___ DATASET RECORDS ___
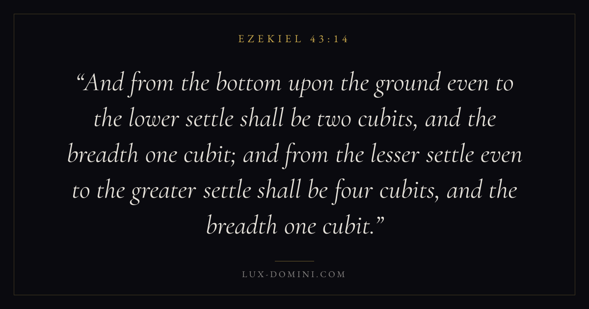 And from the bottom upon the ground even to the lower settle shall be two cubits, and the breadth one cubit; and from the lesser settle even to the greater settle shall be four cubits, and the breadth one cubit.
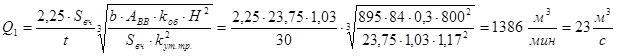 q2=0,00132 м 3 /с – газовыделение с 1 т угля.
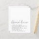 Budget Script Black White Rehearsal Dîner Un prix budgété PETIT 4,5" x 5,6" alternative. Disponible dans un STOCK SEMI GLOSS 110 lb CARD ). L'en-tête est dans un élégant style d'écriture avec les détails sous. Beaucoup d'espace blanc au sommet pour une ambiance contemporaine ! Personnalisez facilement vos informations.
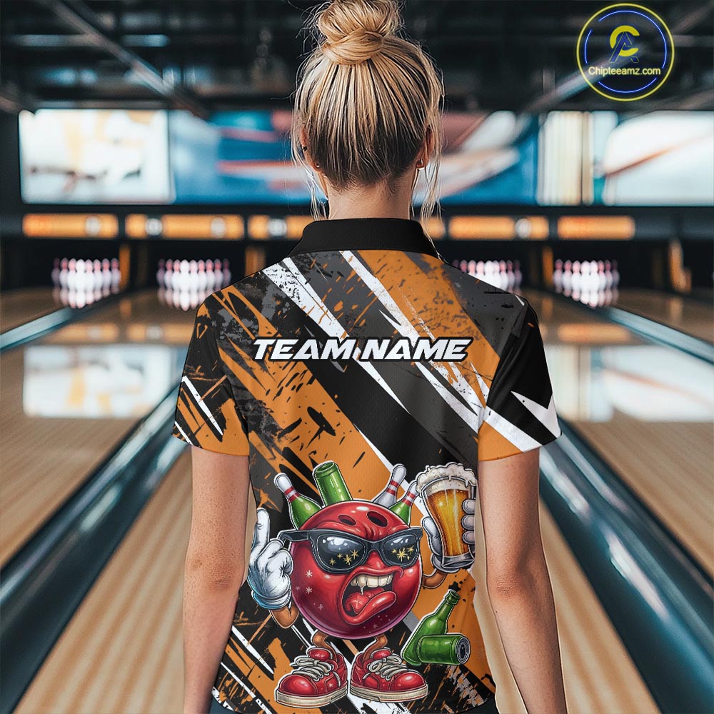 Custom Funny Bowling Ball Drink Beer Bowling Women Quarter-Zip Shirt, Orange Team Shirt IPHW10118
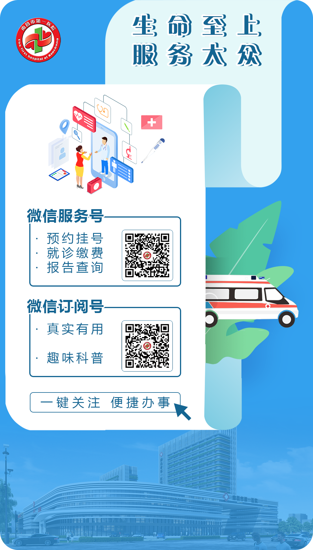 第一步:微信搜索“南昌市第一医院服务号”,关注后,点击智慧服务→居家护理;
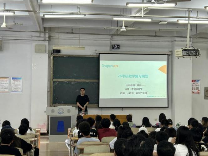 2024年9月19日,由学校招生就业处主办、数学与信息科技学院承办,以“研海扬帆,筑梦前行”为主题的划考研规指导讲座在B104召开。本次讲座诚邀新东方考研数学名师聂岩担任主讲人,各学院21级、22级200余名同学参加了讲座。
___
___ DATASET RECORDS ___
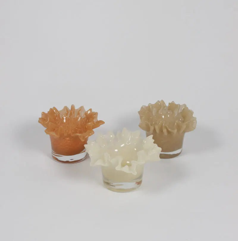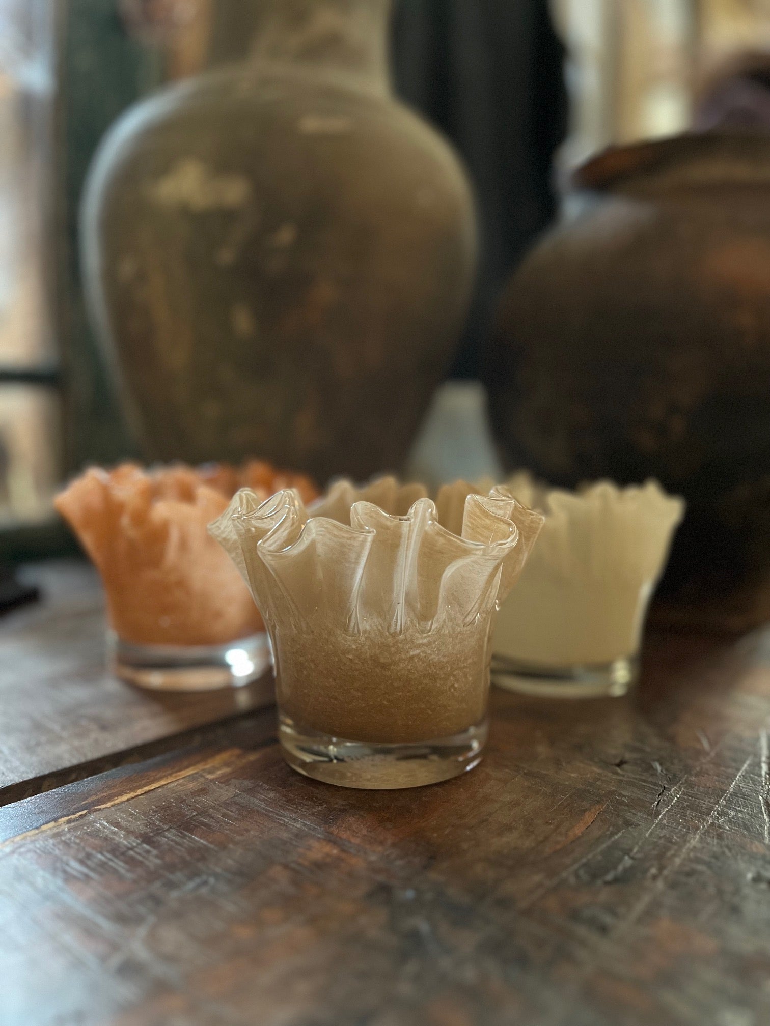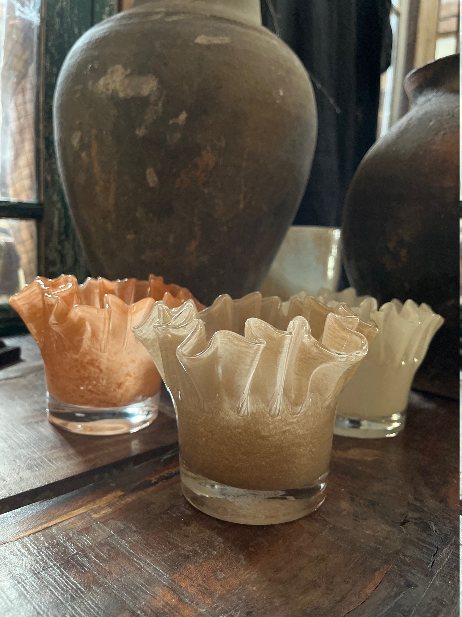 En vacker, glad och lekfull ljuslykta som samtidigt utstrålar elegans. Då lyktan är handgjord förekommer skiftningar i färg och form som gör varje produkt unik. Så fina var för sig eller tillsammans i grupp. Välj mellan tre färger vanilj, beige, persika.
___
___ DATASET RECORDS ___
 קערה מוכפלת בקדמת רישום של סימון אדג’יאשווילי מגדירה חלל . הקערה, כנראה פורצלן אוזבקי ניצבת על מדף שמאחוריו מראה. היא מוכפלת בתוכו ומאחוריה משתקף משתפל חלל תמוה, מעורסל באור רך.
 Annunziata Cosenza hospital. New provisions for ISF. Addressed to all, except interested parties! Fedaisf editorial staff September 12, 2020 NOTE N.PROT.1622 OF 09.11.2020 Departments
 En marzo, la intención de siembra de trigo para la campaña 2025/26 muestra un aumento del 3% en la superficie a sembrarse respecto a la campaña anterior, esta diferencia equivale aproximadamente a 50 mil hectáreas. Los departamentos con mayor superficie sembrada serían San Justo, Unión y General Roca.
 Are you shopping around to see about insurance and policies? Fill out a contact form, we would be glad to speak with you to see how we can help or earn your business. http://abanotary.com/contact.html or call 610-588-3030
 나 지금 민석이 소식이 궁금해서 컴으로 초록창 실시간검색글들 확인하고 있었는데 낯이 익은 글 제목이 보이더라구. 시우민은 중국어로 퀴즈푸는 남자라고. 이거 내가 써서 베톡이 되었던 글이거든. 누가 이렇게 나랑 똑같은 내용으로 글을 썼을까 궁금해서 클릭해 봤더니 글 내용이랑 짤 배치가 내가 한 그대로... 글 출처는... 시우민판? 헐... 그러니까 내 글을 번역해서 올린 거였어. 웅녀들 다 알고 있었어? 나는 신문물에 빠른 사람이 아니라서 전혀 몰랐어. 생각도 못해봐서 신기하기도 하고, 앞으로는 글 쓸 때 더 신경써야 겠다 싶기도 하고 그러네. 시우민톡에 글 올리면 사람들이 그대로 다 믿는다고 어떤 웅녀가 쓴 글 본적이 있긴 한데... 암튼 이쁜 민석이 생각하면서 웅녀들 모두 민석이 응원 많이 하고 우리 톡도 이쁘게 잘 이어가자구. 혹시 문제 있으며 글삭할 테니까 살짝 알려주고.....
___
Return the lines above from the one with "And from the bottom" through the one with "q2=0,00132 м 3", verbatim and nothing else. Omit every picture.

• **RESPONSE**:
 And from the bottom upon the ground even to the lower settle shall be two cubits, and the breadth one cubit; and from the lesser settle even to the greater settle shall be four cubits, and the breadth one cubit.
 q2=0,00132 м 3 /с – газовыделение с 1 т угля.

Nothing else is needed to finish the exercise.